Valter Hugo Mãe

Cuidar dos cães


Um ser que nos aceita e retribui o carinho não é vulgar. É especial.

Sei bem que todos os animais precisam de ser respeitados e a fome humana não pode destituir um bicho de uma mínima dignidade. É minha opção de consciência disciplinar a alimentação para que seja o menos violenta possível, ainda que seja torpe, porque sou torpe, mas atenta, esforçada o suficiente para não me envergonhar. Dito isto, comovem-me particularmente os cães, sobretudo os que são mais naturalmente inclinados à gentileza e à companhia.

Passámos uma semana a ver imagens horrendas de cães debilitados, magoados e mortos. Bichos assustados num mundo que muita gente julga que não lhes pertence e que não lhes deu o direito simples de fuga diante do perigo e da iminência da morte. O mundo está cheio de atrocidades, tantas piores, desde logo cometidas contra pessoas, mas isso não diminui a vilania inaceitável de quem permitiu que o direito à propriedade privada se sobrepusesse ao direito de sobrevivência de animais dos quais se devia cuidar.

Os cães foram inventados pela humanidade. Eles não são imediata decisão da natureza. São uma maturação milenar levada a cabo pelas pessoas que começaram a amansar lobos. A ciência de amansar os lobos, esses, sim, fruto do discernimento livre da natureza, inventou o melhor amigo da humanidade. Não é acaso que os cães se afeiçoem de modo profundo aos seus cuidadores, como se estruturam segundo os hábitos dos seus cuidadores e padecem terrivelmente com a sua ausência. Os cães não são, por isso, quaisquer animais considerados na relação com o ser humano. Eles são seu produto e, dentro das óbvias limitações, desenvolveram-se à imagem e ao interesse das pessoas. Prestam os mais valiosos serviços, cumprem a mais meritória fidelidade e, mesmo sem grande retribuição, sentem um amor deslumbrante que nos pode ensinar a todos o que é amar de verdade.

Juro que não entendo como alguém pode abandonar, ferir ou apenas preterir um cão. Sinto que é como abdicar de uma escola superior de afecto e, assim mesmo, uma escola superior de humanidade. Os cães, destinados à companhia das pessoas, são concretamente uma devolução de uma potencial humanidade. De entre toda a vastidão de bichos, serão aqueles que mais se abeiram do que nós somos, aqueles que mais se abeiram de ser gente ao tamanho irracional que lhes é imposto.
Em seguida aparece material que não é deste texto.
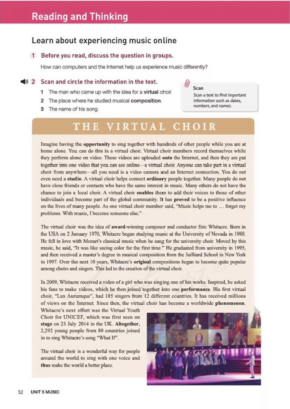 这是新课程最新版高中英语教材,是由人民教育出版社出版、教育部2019审核通过的高中英语教材。其中必修教材分为第一册、第二册和第三册共3册,选择性必修教材分第一册、第二册、第三册和第四册共4册,选修教材分为第一册、第二册和第三册共3册。 ***Reading and Thinking (page 28) 课文文本和翻译*** THE VIRTUAL CHOIR 虚拟合唱团 Imagine having the opportunity to sing together with hundreds of other people while you are at home alone. You can do this in a virtual choir. Virtual choir members record themselves while they perform alone on video. These videos are uploaded onto the Internet, and then they are put together into one video that you can see online—a virtual choir. Anyone can take part in a virtual choir from anywhere—all you need is a video camera and an Internet connection. You do not even need a studio. A virtual choir helps connect ordinary people together. Many people do not have close friends or contacts who have the same interest in music. Many others do not have the chance to join a local choir. A virtual choir enables them to add their voices to those of other individuals and become part of the global community. It has proved to be a positive influence on the lives of many people. As one virtual choir member said, “Music helps me to ... forget my problems. With music, I become someone else.” 想象一下你独自在家就有机会与数百人一起歌唱。你可以在虚拟合唱团中做到这一点。虚拟合唱团成员在单独录制视频的同时进行录制他们自己。这些视频被上传到网上,然后被整合成一个你可以在线观看的视频——一个虚拟合唱团。任何人从任何地方都可以参加虚拟合唱团——你所需要的只是一台摄像机和互联网连接。你甚至不需要录音棚。虚拟合唱团有助于将普通人联系在一起。许多人没有对音乐有相同兴趣的亲密朋友或联系人。许多其他人没有机会参加当地的合唱团。虚拟合唱团使他们能够将自己的声音加入到其他人的声音中,并成为全球社区的一部分。事实证明,这对许多人的生活产生了积极影响。正如一位虚拟合唱团成员所说:“音乐可以帮助我……忘记我的烦恼。在音乐的帮助下,我变成了另一个人。” The virtual choir was the idea of award-winning composer and conductor Eric Whitacre. Born in the USA on 2 January 1970, Whitacre began studying music at the University of Nevada in 1988. He fell in love with Mozart’s classical music when he sang for the university choir. Moved by this music, he said, “It was like seeing color for the first time.” He graduated from university in 1995, and then received a master’s degree in musical composition from the Juilliard School in New York in 1997. Over the next 10 years, Whitacre’s original compositions began to become quite popular among choirs and singers. This led to the creation of the virtual choir. 虚拟合唱团是屡获殊荣的作曲家兼指挥家埃里克o惠塔克的创意。惠塔克于1970年1月2日出生在美国,1988年开始在内华达大学学习音乐。当他为大学合唱团唱歌时,他爱上了莫扎特的古典音乐。他被这段音乐打动了,他说:“那种(兴奋的)感觉就如同第一次看见色彩一样。”他于1995年大学毕业,随后于1997年获得纽约茱莉亚音乐学院音乐创作硕士学位。在接下来的十多年里,惠塔克的原创作品在合唱团和歌手中开始流行。这促使了虚拟合唱团的创建。 In 2009, Whitacre received a video of a girl who was singing one of his works. Inspired, he asked his fans to make videos, which he then joined together into one performance. His first virtual choir, “Lux Aurumque”, had 185 singers from 12 different countries. It has received millions of views on the Internet. Since then, the virtual choir has become a worldwide phenomenon. Whitacre’s next effort was the Virtual Youth Choir for UNICEF, which was first seen on stage on 23 July 2014 in the UK. Altogether, 2,292 young people from 80 countries joined in to sing Whitacre’s song “What If”. 2009年,惠塔克收到了一个女孩在演唱他的作品的视频。受到启发,他让歌迷们制作视频,然后将视频合并到一个表演中。他的第一支虚拟合唱团《金色光芒》有来自12个不同国家的185位歌手。它在上收到数以万计的浏览量。从那时起,虚拟合唱团已成为一种全球现象。惠塔克的第二个壮举是打造联合国儿童基金会“虚拟青年合唱团”,该合唱团于2014年7月23日在英国首次亮相。总共有来自80个国家的2292名青年参与演唱惠塔克的歌曲《假如》。 The virtual choir is a wonderful way for people around the world to sing with one voice and thus make the world a better place. 虚拟合唱团是让全国各地的人用同一个声音唱歌,从而使整个世界变得更美好的绝妙方式。 |
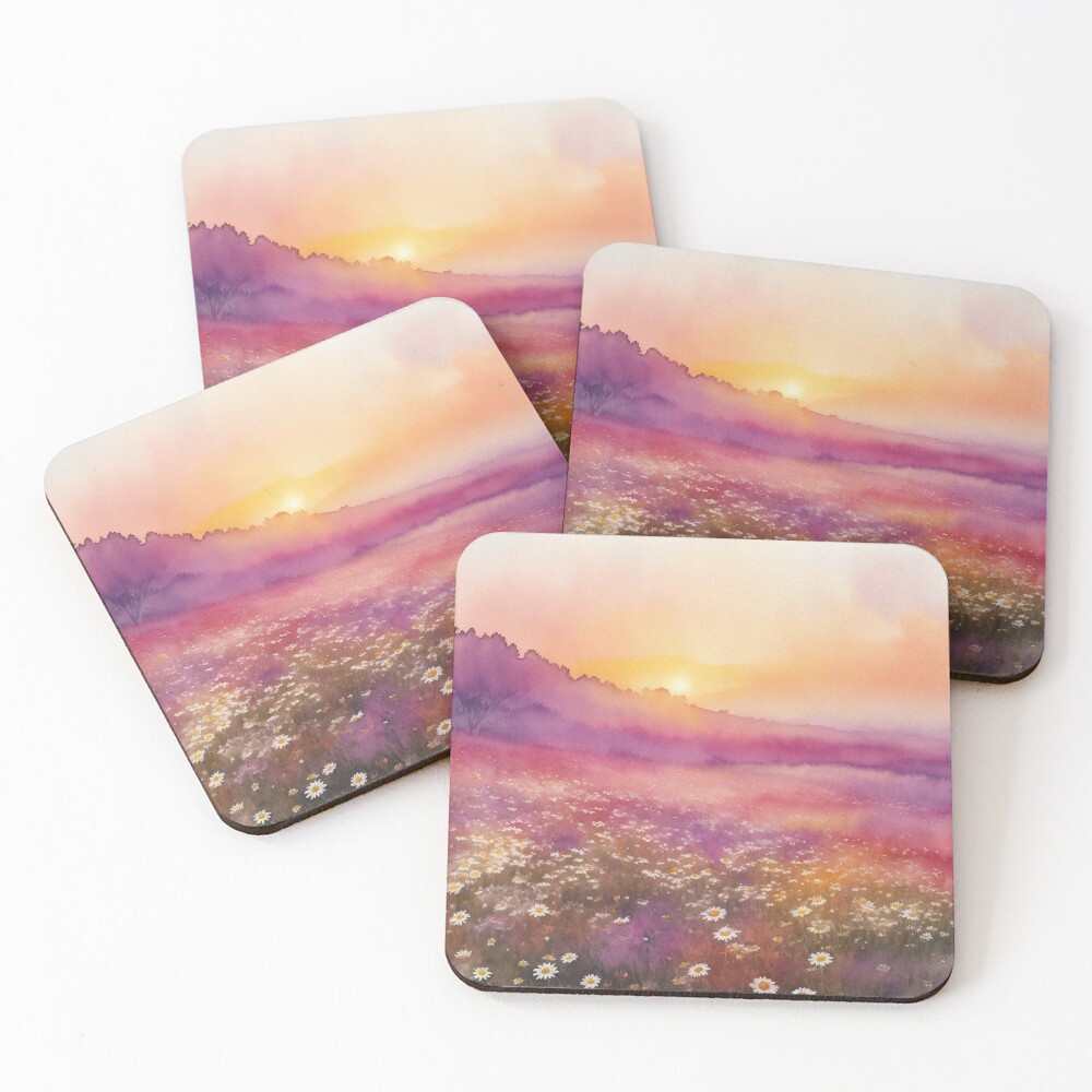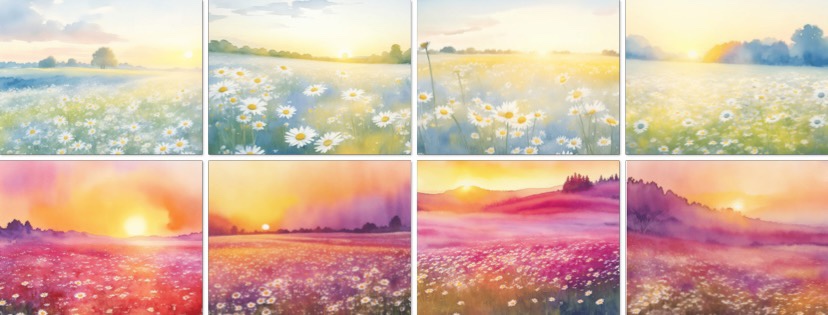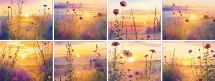 Wildflowers Collection. 8 designs a morning sunrise with soft orange and yellow tones with a hint of reds, purples and blues fill the skies across these beautiful wildflower fields.

Penso, sim, que nos compete a todos honrar os cães. Compete-nos honrá-los por nos mirarem desde suas vulnerabilidades afectivas e desejarem, acima de todas as coisas, o nosso carinho. Um ser que nos aceita e retribui o carinho não é vulgar. É especial. É um cidadão de um universo de decência que nos comunica pela ininterrupta entrega de confiança. Considero isso enorme. Enorme e para sempre belo.